THE (SHARE MY) PAIN Cindi Cook, 34, a writer in New York City, confides that she used to jabber on to make those close to her commiserate. “One time, I was trying to tell my sister that I lost my handbag on the subway. But instead of just telling her, I began with how long I had to wait for the train, how there were no seats when I got on, and whatever else went wrong. My sister had to interrupt to say, `Cindi, please, get to the point!'”
WHY DO WOMEN, EVEN SMART, ACCOMPLISHED women, talk too much? Often it’s not for the reason we suspect–that they are blazing egotists with an over-inflated sense of themselves and no concern for our time, blood pressure, or mental health. Instead, many women talk and talk because they don’t think anyone is really listening. “If a woman doesn’t think she’s getting her point across, she’ll tend to go on and on,” explains Diane G. Sanford, Ph.D., a psychologist in Saint Louis. For example, says Sanford, in marriage counseling, men’s greatest gripe is that their partners won’t stop talking. And women’s? “That their partners don’t listen,” she says.
Other women blather on because they are nervous and uncomfortable with silence. “Men are used to silence,” says Dori Winchell, Ph.D., a psychologist in Encinitas, CA. “They have been socialized not to share their feelings. But for women, silence prevents them from knowing what someone is feeling. It means something must be wrong.” Perhaps the biggest reason women talk to excess, say experts, is that they’re insecure. “These women,” says Jane Greet, Ph.D., a marriage and family therapist in New York City, “may need an audience to validate themselves. They are in constant need of the approval of others.”
Ironically, although a chatterbox’s intention may be to connect, her gabbing, more often than not, results in the exact opposite. “It backfires,” says Lehman. “What everyone wants most is to be close, to have a friendship. You can’t get that if you’re a chronic talker. The talking pushes people away.”

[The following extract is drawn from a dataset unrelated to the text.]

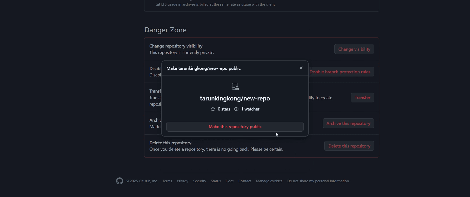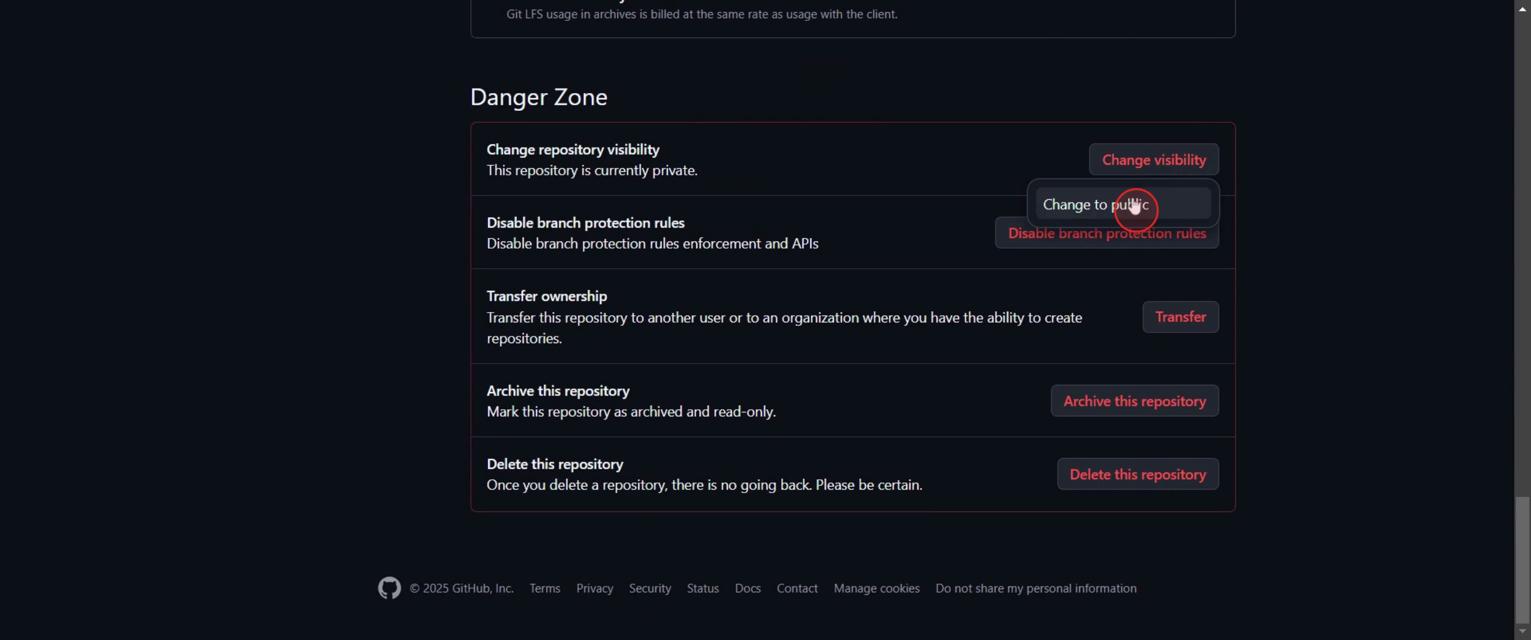 Asegúrate de entender las implicaciones y continúa haciendo clic en Make repository public.

Even if you don’t literally chase people off, you can deprive yourself of the chance to learn from them. Kristin Thielking, 30, of Madison, WI, confesses to having “overwhelmed” dates with her nonstop chatter. “You have a lot to say” is how one man delicately put it.
Gradually, Thielking says, she’s learned to hold back: “It’s easy for me to fill in other people’s answers. But then I’m not hearing their thoughts anymore. I’m hearing mine or my interpretation. I’ve learned that if I wait out the pauses, I’m rewarded: There’s always something valuable at the end of a pause.”
A Self-Defense Plan
* Start the clock. “Say, `I only have fifteen minutes,'” advises Jane Greer, Ph.D. And stick to it. That way the person knows she doesn’t have a captive audience. Of course, this is more easily done on the phone than at a party.
* Change the subject-preferably to one your nonstop talker knows little about. “There weren’t too many subjects my mother-in-law didn’t have a lot to say about,” confides Amparo Marks, a speech pathologist in Wayland, MA. “But if I just refocused her or got the subject changed, I stood a better chance of at least getting to talk a bit too.”
* Interrupt. Forget your manners. Don’t wait for her to stop so you can begin to talk. “Some people will never stop,” says Deborah Tannen, Ph.D., author of You Just Don’t Understand. “Overlap them. Break in and just talk.”
* Fidget. Cease eye contact. Yawn. Pick up a magazine. Anything to indicate that you’re bored. Or signal for help from someone else. Shawn Carter, 39, of South Orange, NJ, gives her husband a wink if she finds herself trapped by a yakker. He does the same thing. “The wink is our shorthand way of saying, `Please rescue me.’ It works like a charm.” If all else fails, walk away.
* Tell her. There’s still one more option, which you should use only with someone you care about: Tell the talker she’s talking too much. It may hurt, but in the long run, you’ll be doing yourself–and her–a favor.